Enis Berberoğlu’nun tutuklanmasının arka planında süren MİT TIR'ları davasını da bir kenara bırakmak lazım. Halkın oyuyla seçilen vekillerin, o yasama döneminde tutuklanmasına ilke olarak karşı durmamız gerekiyor. Suç işlerken yakalanması ve yüz kızartıcı suç işlemesi gibi durumlar dışında. Bu, tüm vekilleri kapsayan bir prensip olarak benimsenmeli. Vekillikleri düşürülen ve cezaevinde olan HDP’li vekillerin, Enis Berberoğlu’nun, yasama dönemi boyunca dokunulmazlıklarına dokunulmamalı. Oysa, milletvekilliklerine dokunma sürecinde, “terör destekçisi görünme” korkusuyla CHP de başat rol oynadı. “Anayasaya aykırı ama evet” diyerek, milletvekillerinin dokunulmazlığının kaldırılmasından yana tutum aldılar.
Bugün CHP’lilerin de itiraf ettiği gibi, CHP böylece bindiği dalı kesmiş oldu.
Kılıçdaroğlu, “Adaletsizliğin olduğu bir ülkede yaşamak istemiyorum” demiş Ankara yürüyüşü sırasında. Bravo. Türkiye’nin yakın dönem bütün militarist politikalarının ortağı olarak, her türden sınır ötesi tezkereyi gündeme getiren hükümetten daha ateşli bir şekilde savunarak, Selahattin Demirtaş tutuklandığından beri tavana bakıp ıslık çalarak adaletin olmadığı bir ülkede yaşanabiliyordu…

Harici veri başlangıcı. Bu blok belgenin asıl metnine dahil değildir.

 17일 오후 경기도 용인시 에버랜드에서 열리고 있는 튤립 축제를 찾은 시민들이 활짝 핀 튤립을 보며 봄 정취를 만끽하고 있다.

Şimdi, aslolan, İstanbul yürüyüşünden önceki tutumların eleştirisi değil, bu yürüyüşün değerlendirilmesidir. Bu yürüyüşe, yürüyüş 1. Adalet, adaletten yoksun kalan tüm kesimleri kapsadığı, 2. “Mustafa Kemal’in askerleriyiz” gibi milliyetçi sloganlarla yürüyüş manipüle edilmesine izin verilmediği, 3. Kutuplaştırmacı değil tüm kesimlerin ortak adalet duygusuna hitap ettiği, 4. Sadece Enis Berberoğlu için değil tüm tutuklu milletvekillerinin özgürlüğünü savunduğu ölçüde veya savunmasını sağlamak için katılmak, yürüyüşün CHP’nin gövde gösterisi değil adalet isteyen herkesin yürüyüşü hâline gelmesini sağlamak gerekir. Adaletin yanı sıra, ekmeği de talep etmek çok önemli.
Yürüyüş daha birinci gününde faşistlerin tehdidiyle karşılaştı. Faşist tehdide karşı adalet için demokratik yürüyüş hakkının yanında tutum almalıyız.

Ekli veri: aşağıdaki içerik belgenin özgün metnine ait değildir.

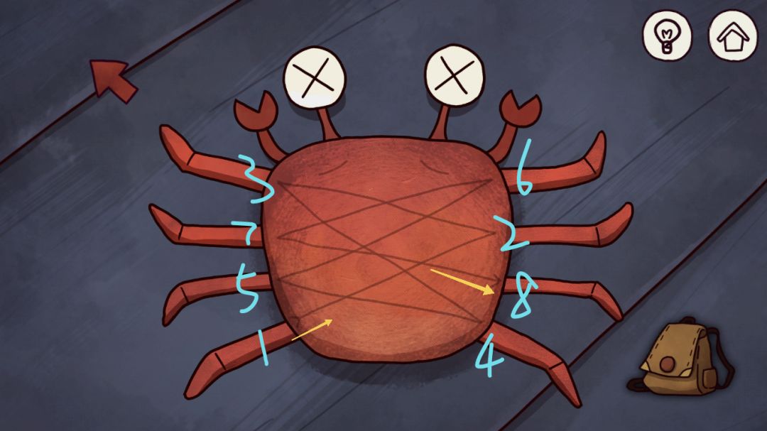 点击螃蟹,通过面上剪头的方向按顺序点击螃蟹腿,即可打开。

CHP liderliğinin iki temel handikapı var: Birincisi, sağcı olması. Adalet yürüyüşü sağcı sloganlarla sürdürülüp, büyük bir İstanbul mitingiyle kazasız, belasız, hareket çok da büyümeden sonlandırılmak istenecektir. İkincisi ise, son günlerde giderek moda hâline getirilen “kontrollü darbe” söyleminin yürüyüşün politik omurgasını oluşturma ihtimali. Darbe sonrası OHAL koşullarından yola çıkıp, filmi tersinden oynatıp darbenin kontrollü olduğunu iddia etmek, 15 Temmuz darbesini sulandıran, sağcı, darbecilere cesaret veren ve yürüyüşe hakim eğilim olduğu ölçüde yürüyüşü de sulandıracak olan bir politikadır. 15 Temmuz gününün karanlık noktaları var ve devletin, hükümetin bu karanlık noktaları aydınlatması için çabalamak bir şey, bir darbe koalisyonunun görülmemiş şiddette giriştiği darbeyi bir tiyatroya benzetmek bambaşka bir şey. Yürüyüşün politik olarak işlevsizleşmesinden kaçınılacaksa, darbeye amasız fakatsız karşı çıkmak çok önemli.